Il y a un trait essentiel de D’Artagnan qui, selon le journaliste Le Fol, manque à Macron : il lui manque une bande, quelques mousquetaires qui l’ont accompagné dans ses combats. Du moins, ils ne sont pas connus. Le noyau de son équipe, c’est lui et sa femme, Brigitte.

Mitterrand a dit un jour au journaliste Jean Lacouture : « Vous devriez savoir que la politique est une histoire de gangs. Le Fol cite la phrase au début de son livre sur Mitterrand et ses amis d’enfance et de jeunesse Pierre de Bénouville, François Dalle et André Bettencourt. C’était une véritable bande de mousquetaires, quatre bourgeois de province qui ont flirté avec l’extrême droite dans les années trente, qui ont connu les ambiguïtés du futur président pendant les années d’occupation et de résistance, et qui, sans jamais rompre le pacte de loyauté qu’ils ont lié eux, ils l’ont aidé à conquérir Paris et le pouvoir en tant que premier chef d’État socialiste de la Ve République. “Dans chaque bande de mousquetaires il y a un patron, et le patron c’était Mitterrand : ils l’ont tous défendu contre les attaques à cause de son passé, parce qu’ils connaissaient ses secrets”, dit l’auteur. “Mon idée était d’expliquer comment un leader politique en France écrit son histoire et construit sa légende.”

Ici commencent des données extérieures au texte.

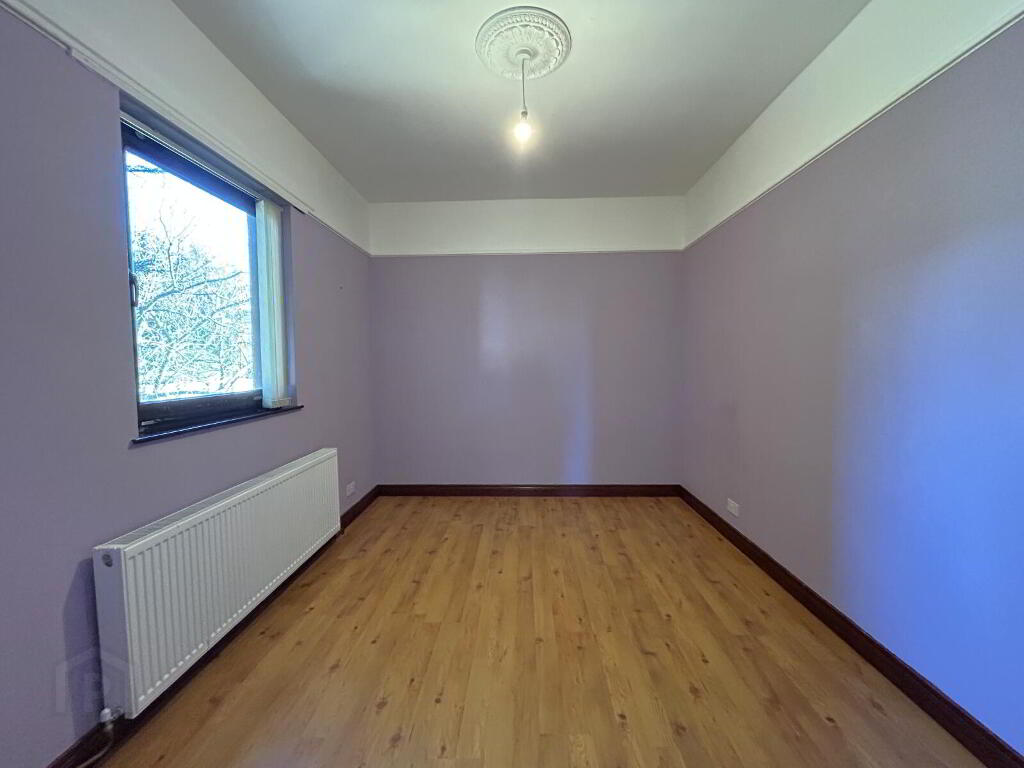 Spacious bedroom with laminate wood-effect flooring and a double radiator, offering comfortable accommodation for family or guests.

L’histoire de Mitterrand est la preuve que le mythe des mousquetaires perdure et détermine la manière dont la politique et l’histoire sont vécues dans ce pays. Bien que les temps changent. Aujourd’hui peut-être un d’Artagnan ou un Mitterrand n’iraient-ils pas à Paris.

“Avant, si on voulait réussir, il fallait conquérir Paris”, résume Le Fol. « Aujourd’hui, les jeunes provinciaux en quête de réussite ne vont pas forcément à Paris. Ils iront dans la Silicon Valley. Ou à Madrid ».